• **Information shown**:
*-*-*
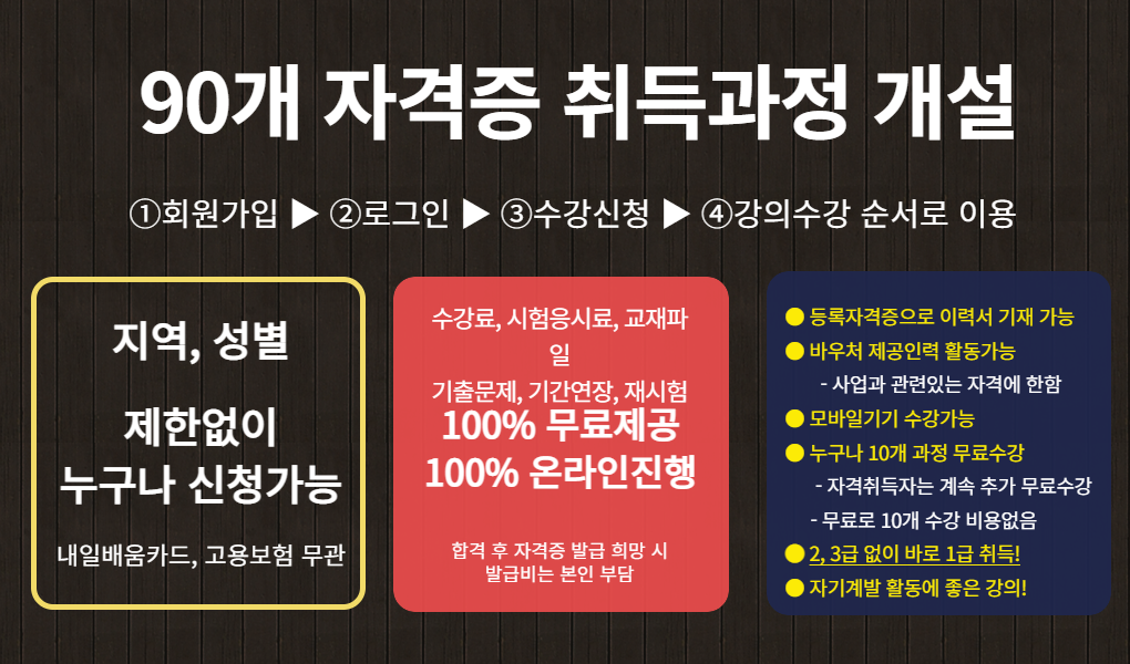 거주하시는 지역이나 성별, 나이 등에 관계없이 자격증 공부를
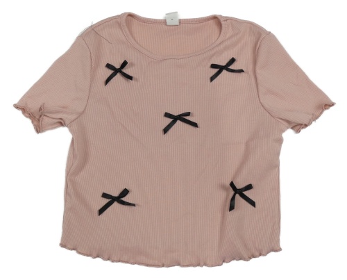 Svetloružové rebrované crop tričko s mašličkami shein
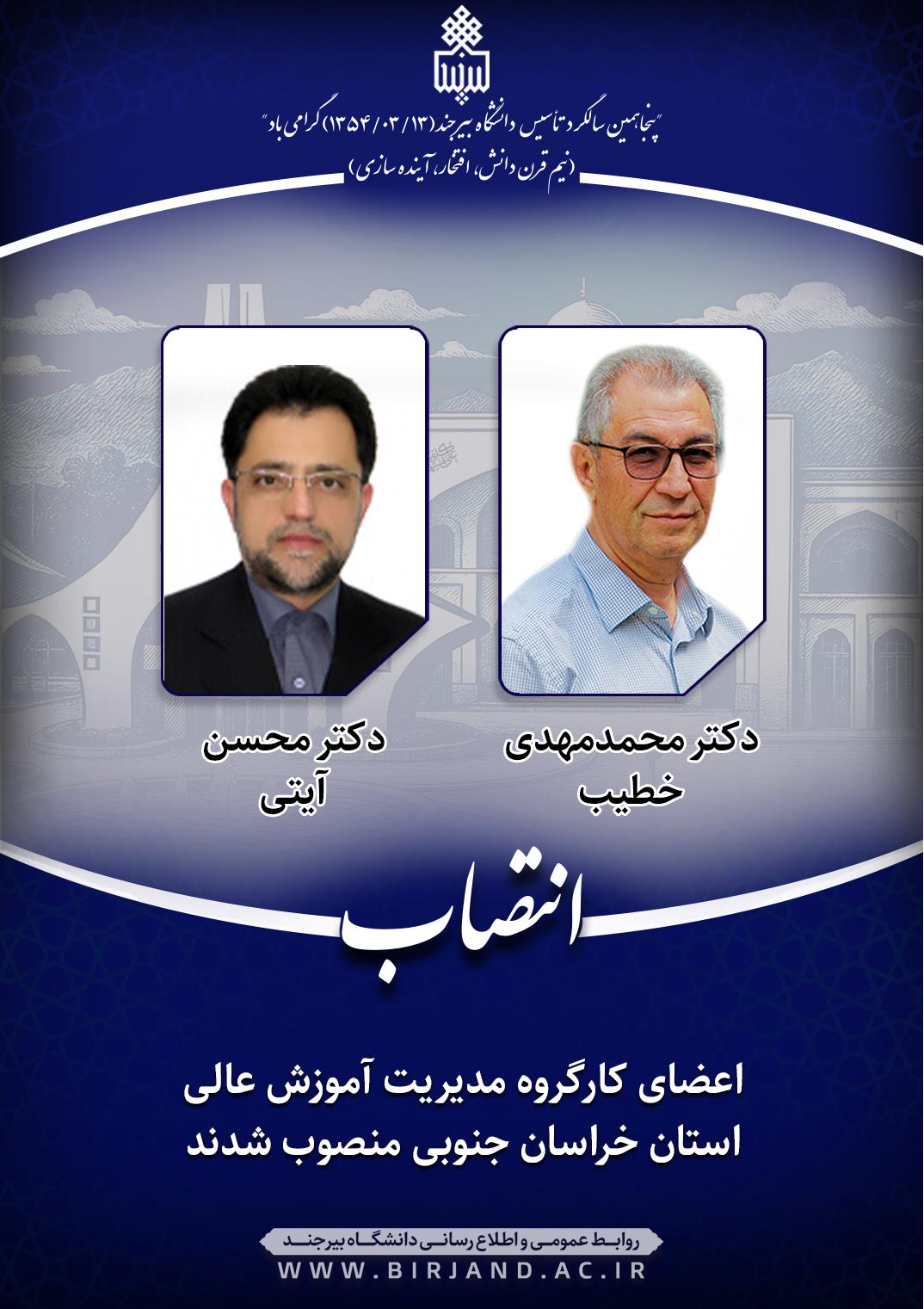 به گزارش روابط عمومی و اطلاع‌رسانی دانشگاه بیرجند، دکتر احمد خامسان، سرپرست دانشگاه طی ابلاغ‌های جداگانه‌ای، دکتر محمدمهدی خطیب، عضو هیأت علمی گروه آموزشی زمین شناسی و دکتر محسن آیتی، هیأت علمی گروه آموزشی علوم تربیتی را به عنوان عضو کارگروه مدیریت آموزش عالی استان خراسان جنوبی به مدت دو سال منصوب کرد.
*-*-*
• **What is required**: Omit the pictures, then retype the remaining material without a single change.

• **Answer space**:
 거주하시는 지역이나 성별, 나이 등에 관계없이 자격증 공부를
 Svetloružové rebrované crop tričko s mašličkami shein
 به گزارش روابط عمومی و اطلاع‌رسانی دانشگاه بیرجند، دکتر احمد خامسان، سرپرست دانشگاه طی ابلاغ‌های جداگانه‌ای، دکتر محمدمهدی خطیب، عضو هیأت علمی گروه آموزشی زمین شناسی و دکتر محسن آیتی، هیأت علمی گروه آموزشی علوم تربیتی را به عنوان عضو کارگروه مدیریت آموزش عالی استان خراسان جنوبی به مدت دو سال منصوب کرد.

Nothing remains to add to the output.